It is unsafe to configure Nginx to use any DNS resolver other than 127.0.0.1 ("resolver x.x.x.x") because the transaction ID can be predictible, and Nginx fails to randomize the UDP source port. Gixy should check for that. Strangely the Nginx developers staunchly refuse to consider this a security flaw. See http://blog.zorinaq.com/nginx-resolver-vulns/


This is an excellent writeup (I don't know if it's yours or not). I am frankly baffled that the Nginx team refuses to fix it, since there is a working PoC and it would be almost trivial to fix.


So, what exactly is the best way to mitigate this attack vector? While informative, the post only goes into detail about the attack; not a complete solution for the original intended purpose of the resolver setting.
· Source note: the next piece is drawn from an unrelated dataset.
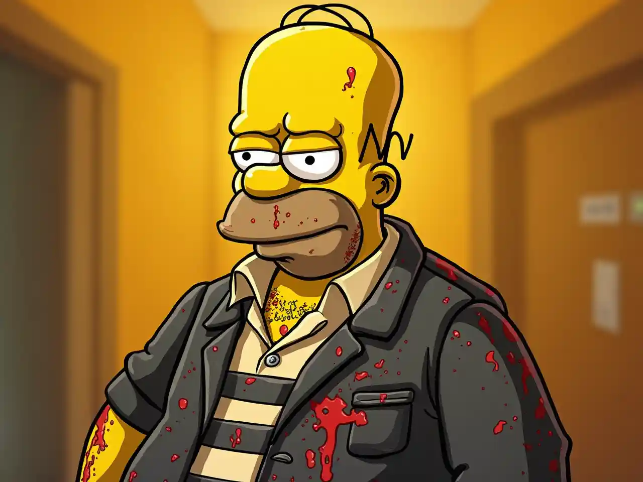 Homer Simpson, estilo dos Simpsons, cores amarelas, largura da linha, criminoso, sangue, nevoeiro, tatuagem no rosto, desenho animado, homem gordo
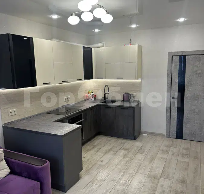 Сделан качественный евроремонт с элементами дизайнерского стиля, натяжные потолки со встроенным освещением.

Is the dnsmasq solution here[1] sufficient? Or, should I edit dhclient.conf to add the desired name servers[2]

[1] https://unix.stackexchange.com/questions/128220/how-do-i-set...

[2] https://unix.stackexchange.com/questions/128220/how-do-i-set...


Using "resolver 127.0.0.1" is an effective mitigation against all issues I documented.


It is more than unsafe. It is plain stupid.

There is no resolver running on 127.0.0.1 ... except on a couple of systems. If I have to make an educated guess, the guy who wrote that is running on Ubuntu.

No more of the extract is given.